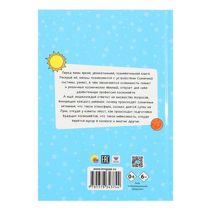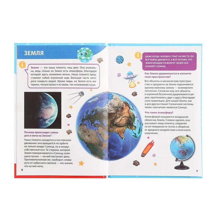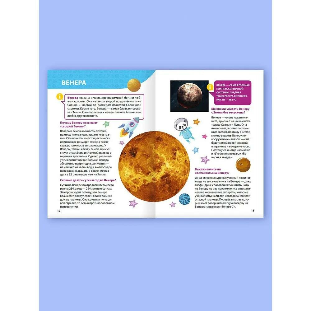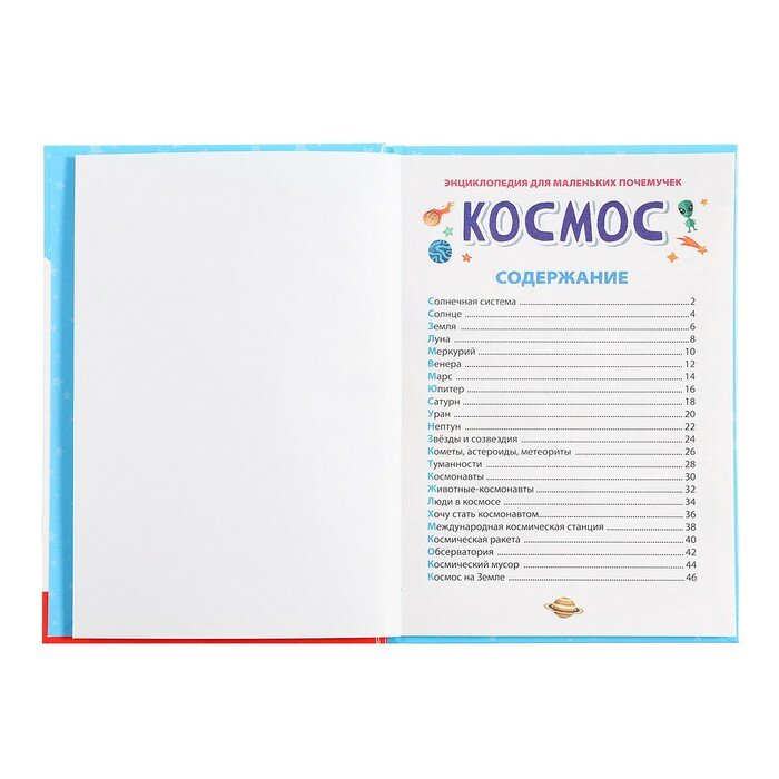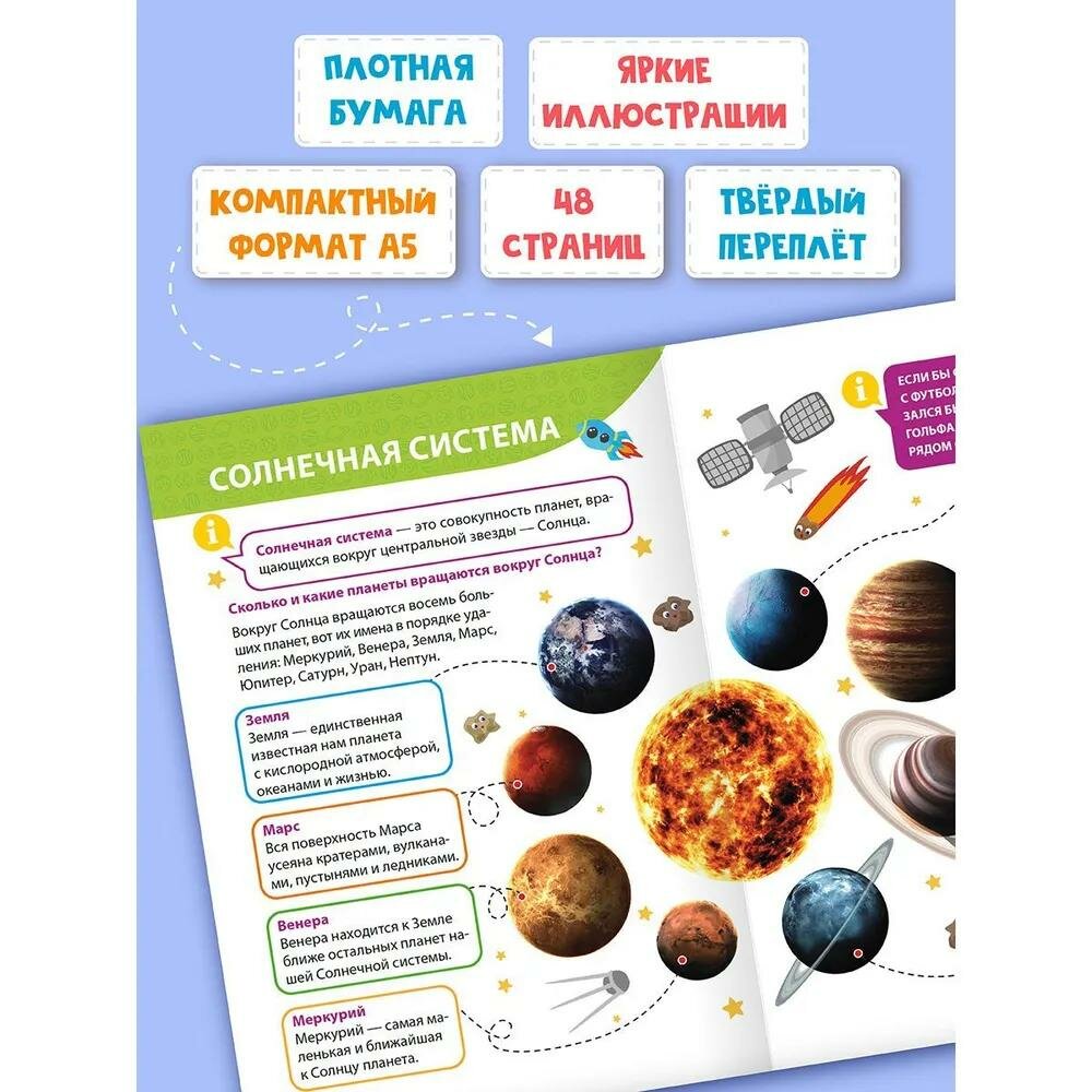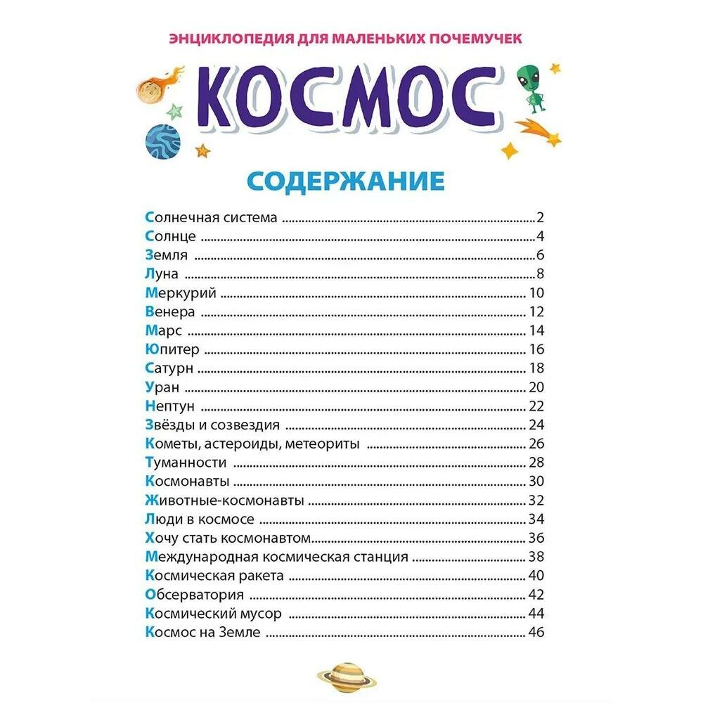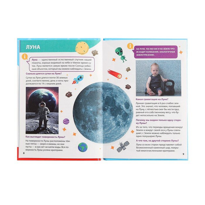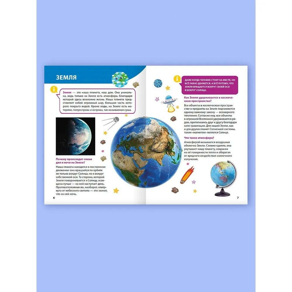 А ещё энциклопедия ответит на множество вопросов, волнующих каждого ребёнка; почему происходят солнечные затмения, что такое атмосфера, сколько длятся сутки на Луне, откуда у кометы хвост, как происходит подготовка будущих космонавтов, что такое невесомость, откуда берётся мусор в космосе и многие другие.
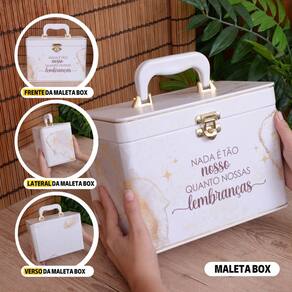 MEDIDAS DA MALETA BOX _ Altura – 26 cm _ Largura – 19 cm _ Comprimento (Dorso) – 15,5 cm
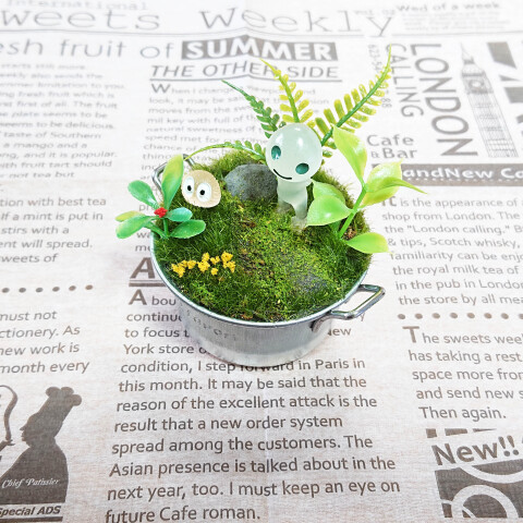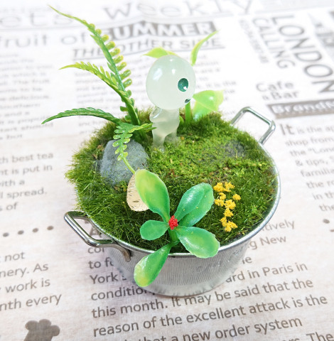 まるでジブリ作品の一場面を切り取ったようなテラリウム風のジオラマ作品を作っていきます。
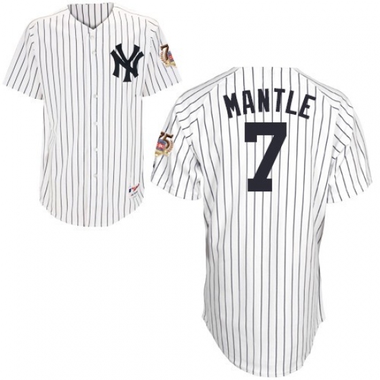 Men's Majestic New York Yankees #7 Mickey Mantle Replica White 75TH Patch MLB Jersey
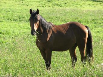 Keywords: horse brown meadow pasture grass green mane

-- -- --

**Work request:**
Repeat the records in full and exactly, leaving every picture out.

**Output of the task:**
 А ещё энциклопедия ответит на множество вопросов, волнующих каждого ребёнка; почему происходят солнечные затмения, что такое атмосфера, сколько длятся сутки на Луне, откуда у кометы хвост, как происходит подготовка будущих космонавтов, что такое невесомость, откуда берётся мусор в космосе и многие другие.
 MEDIDAS DA MALETA BOX _ Altura – 26 cm _ Largura – 19 cm _ Comprimento (Dorso) – 15,5 cm
 まるでジブリ作品の一場面を切り取ったようなテラリウム風のジオラマ作品を作っていきます。
 Men's Majestic New York Yankees #7 Mickey Mantle Replica White 75TH Patch MLB Jersey
 Keywords: horse brown meadow pasture grass green mane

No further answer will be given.